LXXXVIII. «ПОЗОЛОЧЕННЫЙ ВЕК»

Марк Твен не отправлялся в лекционное турне той зимой. Редпат умолял его, как обычно, и еще в разгар лета писал:

«Согласитесь ли вы? Не согласитесь ли? У нас записано контрактов для вас на семь-восемь тысяч долларов», — и он назвал целый ряд городов, простирающихся географически от Бостона до Сент-Пола.

Но у Клеменса тогда не было никаких намерений снова читать лекции, и в ноябре из Лондона он снова объявил (Редпату):

«Когда я снова стану орать меньше чем за 500 долларов, я буду довольно голоден, но я вообще не намерен орать ни за какую цену».

Редпат преследовал его и в январе предложил 400 долларов за один вечер в Филадельфии, но безрезультатно. Он действительно выступил с лекциями в течение двух вечеров в «Стейнвей-холле» для Ассоциации меркантильной библиотеки на условиях деления прибыли пополам, получив в качестве своей доли 1,300 долларов за два вечера чистой прибыли; и он прочитал лекцию в один вечер в Хартфорде, заработав 1,500 долларов чистой прибыли на благотворительность. Отец Хоули из Хартфорда объявил, что его миссионерская деятельность страдает от нехватки средств. По его словам, некоторые из его прихожан буквально остались без еды, а их дети плачут от голода. Никто никогда не откликался на подобный призыв быстрее, чем Сэмюэл Клеменс. Он предложил прочитать лекцию бесплатно и взять на себя равную долю любых расходов, понесенных комитетом из восьми человек, которые согласились объединить усилия для реализации этого проекта. Он прочитал лекцию о Сандвичевых островах, и по ее окончании ему вручили большую карточку с напечатанными на ней цифрами сборов. Ее подняли вверх, и в зале разразилась буря оваций.

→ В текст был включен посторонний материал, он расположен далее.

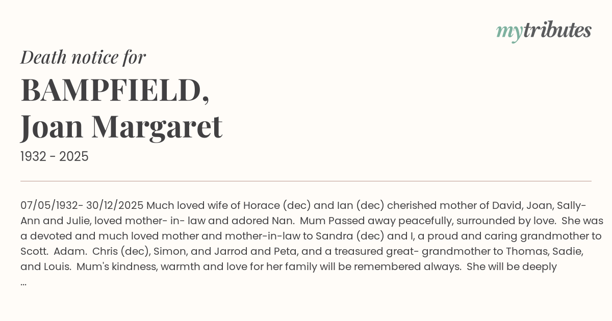 15°C07/05/1932- 30/12/2025 Much loved wife of Horace (dec) and Ian (dec) cherished mother of David, Joan, Sally-Ann and Julie, loved mother- in- law and adored Nan. Mum Passed away peacefully, surrounded by love. She was a devoted and much loved mother and mother-in-law to Sandra (dec) and I, a proud and caring grandmother to Scott. Adam. Chris (dec), Simon, and Jarrod and Peta, and a treasured great- grandmother to Thomas, Sadie, and Louis. Mum's kindness, warmth and love for her family will be remembered always. She will be deeply missed by all who knew her. Peter xx Dear Mum, I already miss you so much it hurts. There are a million things to thank you for, and I am so proud of you. Your compassion, bravery and resilience will continue to inspire me, but nothing will ever fill the void you leave behind. We are eternally grateful for all your teachings, love and support. Sally- Ann, Gary, Floyd and Ebony xx

В первые недели после возвращения он писал очень мало. В начале года (3 и 6 января 1873 г.) он опубликовал в «Трибюн» два письма о Сандвичевых островах, в которых в своем излюбленном стиле настаивал на аннексии.

«Мы должны аннексировать этот народ, — заявлял он, — и перечислял блага, которые мы могли бы им дать, такие как "тупоголовые присяжные, закон о невменяемости и шайка Твида"».

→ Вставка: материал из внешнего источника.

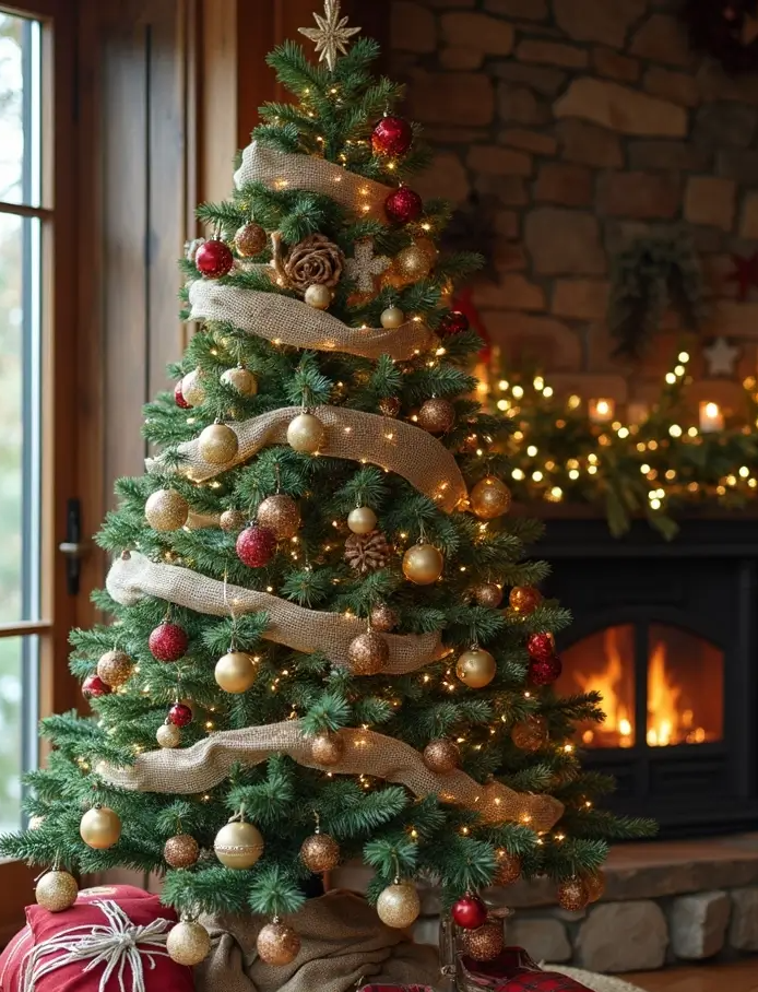 Rustic Cabin Retreat transforms your tree into a cozy hideaway filled with warmth and texture. Think natural fibers, handcrafted accents, and soft, glowing lights that echo a mountain cabin glow. Begin with earthy tones—rich browns, cream, and muted red—for a calm, fireside charm.

Мы можем подарить им Вудхолл и Клафин, а также Джорджа Фрэнсиса Трейна. Мы можем дать им лекторов! Я поедем сам. Мы можем превратить эту горстку сонных островов в самый жаркий уголок на земле и облачить его в моральное великолепие нашей высокой и священной цивилизации. Аннексия — это то, в чем нуждаются бедные островитяне! «Должны ли мы омраченным людям лампу жизни отказать?»

Его успех в Англии стал стимулом для некоторых американских организаций признать его таланты на родине. В начале года его чествовали на обеде в качестве гостя нью-йоркского клуба «Лотос», а неделю или две спустя избрали его в свои члены. Это было лишь началом. Какое-то новое членство или почетное звание предлагалось едва ли не каждую неделю, а банкетов было так много, что в конце концов он изобрел стандартную форму для отказа от них. Его еще не признавали выдающимся американским литератором, но он, несомненно, стал самым популярным; и Эдвин Уиппл, писавший в то время или чуть позже, отмечал:

«Марк Твен в основном воспринимается как юморист, но проявление его подлинных талантов поставило бы его в один ряд с самыми способными нашими авторами за последние пятьдесят лет». Так его начали «открывать» в высших сферах.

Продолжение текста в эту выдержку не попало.